FieldCarrierSchema reference
htmlContentItemschemas/content-item.schema.json
customHtmlSignpostItemschemas/signpost-item.schema.json

No other LC-JSON 1.0 field carries HTML. Question prompts, hints, choice text, feedback strings, and similar author-visible prose are plain text. A producer MUST NOT embed HTML in plain-text fields; a consumer MUST treat HTML in plain-text fields as literal text.

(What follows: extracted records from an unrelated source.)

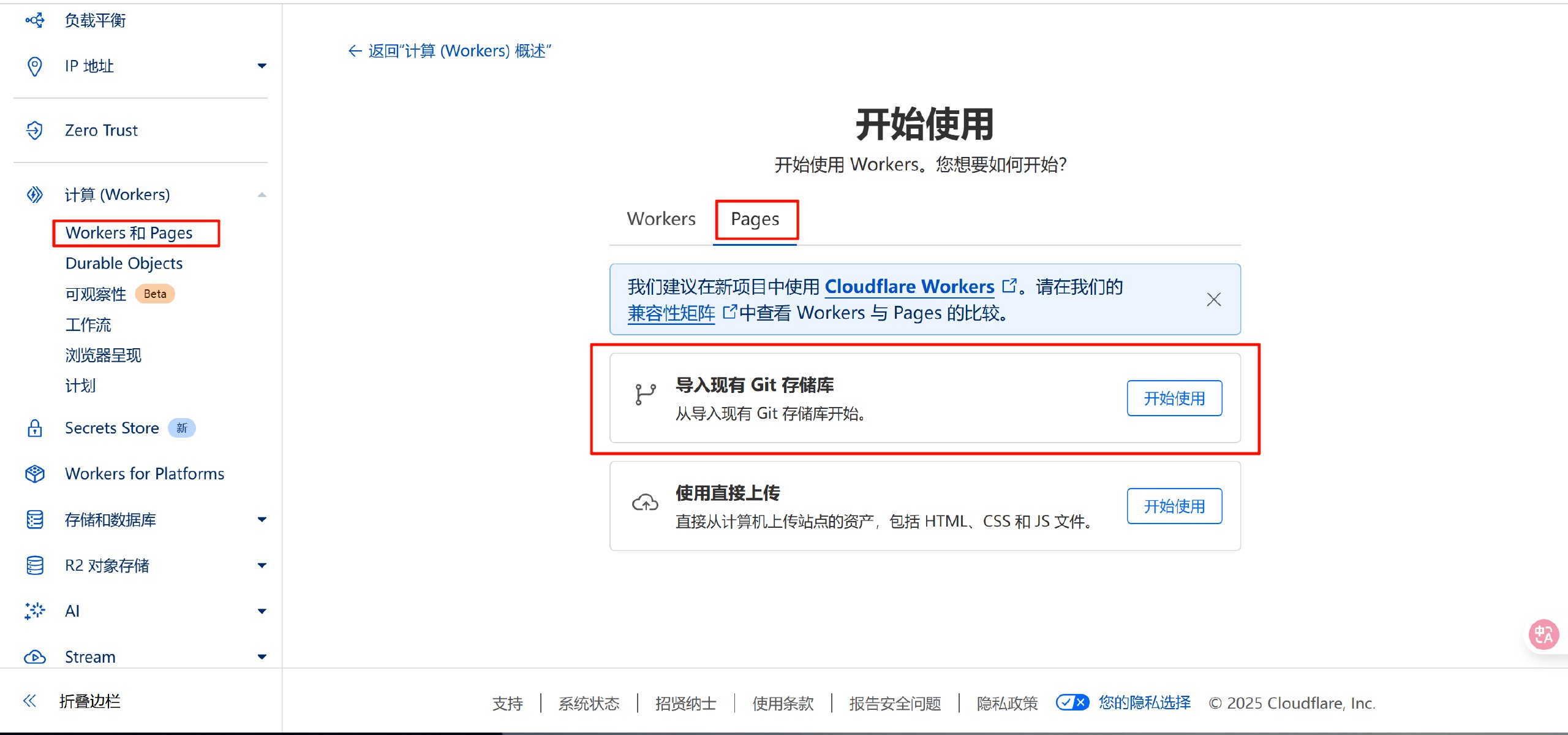 计算 (Workers)-Workers 和 Pages-创建一个新项目 - 选择Pages-导入现有 Git 存储库连接到 Git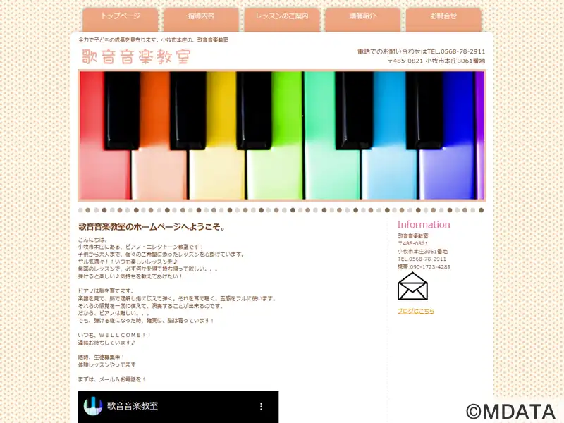 小牧市本庄にあるピアノ・エレクトーン教室。幼児向けには、遊び感覚で指のトレーニングから、フラッシュカードやリズムカードを使って基本的な音楽知識を学ぶ。小学高学年以上には、様々な時代・ジャンルの曲を題材に、本格的な演奏技術の向上を目指す。大人向けには、ライフスタイルと希望に合わせて柔軟なレッスンを行う。ミュージックプログラミングでは、MIDI検定4級取得も可能。音楽の楽しさを伝えることを大切にする。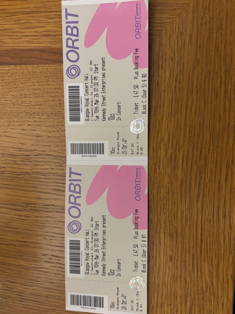 Two 10cc concert tickets - Glasgow Royal Concert Hall 10th March 2026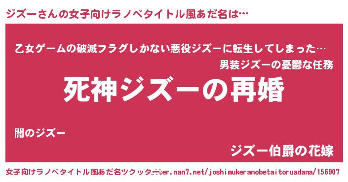ジズーさんの女子向けラノベタイトル風あだ名は… 『死神ジズーの再婚』『乙女ゲームの破滅フラグしかない悪役ジズーに転生してしまった…』『ジズー伯爵の花嫁』 ツクッター #女子向けラノベタイトル風あだ名ツクッター http://tkutter.nan7.net/joshimukeranobetaitoruadana/156907/

1.2 Why this profile exists

Without a portable allowlist, every consumer would sanitize against its own subset, and the same document would render differently — sometimes unsafely — across implementations. This profile fixes the contract:

  • Producers know what they MAY emit and have rendered consistently.
  • Consumers know what they MUST accept, what they MUST sanitize away, and where the line falls between “render-time stripping” and “reject the document.”
  • Third-party implementers have a single reference for <script>, event handlers, <iframe>, target="_blank", data: URLs, and the rest of the long tail.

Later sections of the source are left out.